For checking better to use:

style="background-color:grey;"
b2mc:20130711 heprez$ vi ./hfagc/00201/00201.html

510 <div ireg="2"  style="display:none;" >
511 <table>
512 <tr>
513 <td>(</td><td>0.703</td><td>&lt;</td><td>values</td><td>)</td>
514 </tr>
515 </table>
516 <table date="2013-07-11T20:48:10.961+09:00" sm-path="/db/cache/hfagc/20130711/00201/03221/plot.html" >
517 <tr>
518 <td>
519 <table>
520 <tr>
521 <td><a href="03221.svg">SVG</a></td><td><a href="03221.pdf">PDF</a></td><td><a href="03221.png">PNG</a></td>
522 </tr>
523 </table>

make that edit in stylesheet

Try to apply this edit via hfag/mods/webapp/hfagc/stylesheets/db2html-scb.xsl:

030 <xsl:param name="sm-errstyle" >background-color:grey;</xsl:param>

624
625    <xsl:template match="div[table/tr/td/table/tr/td/metadata/@narea=0]" >
626         <div>
627             <xsl:attribute name="style"><xsl:value-of select="$sm-errstyle" /></xsl:attribute>
628             <xsl:apply-templates/>
629         </div>
630    </xsl:template>

Testing with http://130.87.106.59:9090/hfagc/00201/html?apt=save&bpt=save it failed to apply.

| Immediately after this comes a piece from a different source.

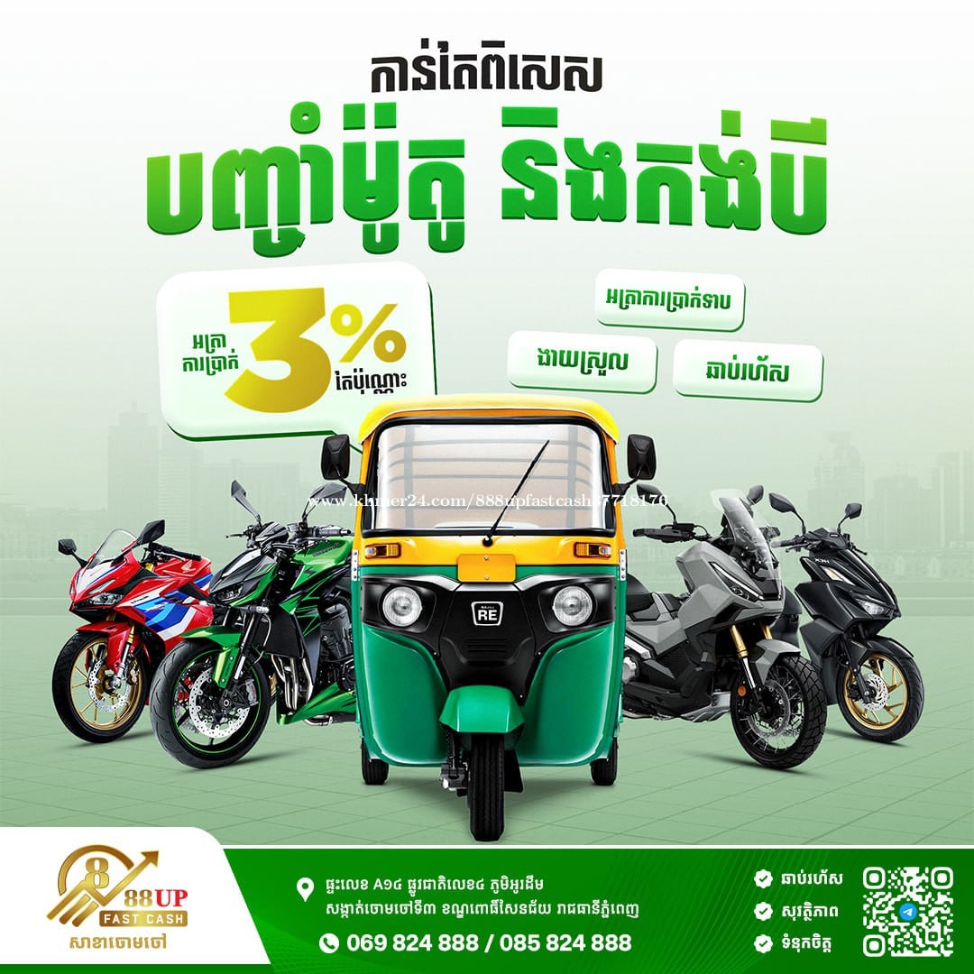 [English & ไธญๆ Below ] ๐๐ฒ แแแแ แถแแแแผแแผ แแทแแแแแแธแแแแแแแแแธ โ แแแแถแแแแ แถแแแฟแ แแ แแ แแทแแแถแแแแแฝแ โ แแปแแแแแทแแถแแแปแแ แทแแแแแถแ 100% โ แขแแแแถแแถแแแแแถแแแแถแแแแแนแแแ 3% แแแปแแแแแ! ๐ ---------------------------------- ๐๐ฒ Pawn all models of motorbikes and tuk-tuks โ Fast, quick, and easy pawning service. โ 100% trustworthy and secure. โ Low interest rate of only 3%! ๐ ---------------------------------- ๐๐ฒ ๅ ธๅฝๆๆๅๅท็ๆฉๆ่ฝฆๅๅๅ่ฝฆ โ ๅฟซ้ไพฟๆท็ๅ ธๅฝๆๅกใ โ ๅฎๅ จ100% ๅฎขๆทไฟๅฏ โ ไฝๅฉ็ไป 3%๏ผ๐ ๐แขแถแแแแแแถแ/Address: House No. A14, National Road No. 4, Ou Derm Village, Chamchao 3 Sangkat, Pou Senchey District, Phnom Penh. ๐แแธแแถแแแ แถแ/Location : GOOGLE MAP (https://maps.app.goo.gl/nB5FmGCngYg1qwmg8) ๐ฒแแแแแแถแแแแแแแ/More info click here : CHANNEL (https://t.me/cc888upfastcashchannel) ๐แแถแแแแแแแ แปแ แแธแแแ/Quick assessment click here: TELEGRAM (https://t.me/cc888upfastcash) ๐Website: 888UPFC.COM โ๏ธ Tel : 069824xxxClick To Call / 085824xxxClick To Call #PawnShop #888UpFastCash #PawnShopFinds #LowInterestRate

Doing the transform stanfalone works howevee:

b2mc:logs heprez$ mkdir /tmp/k
b2mc:logs heprez$ curl http://localhost:9090/servlet/db/cache/hfagc/20130711/00201/comb.html -o /tmp/k/comb.xml

b2mc:logs heprez$ find $EXIST_HOME -name db2html-scb.xsl
/Users/heprez/data/install/exist/eXist-snapshot-20051026/unpack/4/webapp/hfagc/stylesheets/db2html-scb.xsl

b2mc:logs heprez$ xsltproc $xsl /tmp/k/comb.xml > /Users/heprez/data/data/scrape/20130711/hfagc/00201/00201.html

Aha, was not applying as the metadata was stripped in the step before, retaining metadata with met=yes succeeds to apply

works after moving error style to strip-metadata.xsl

Leaving as red for now, for a full scrape check.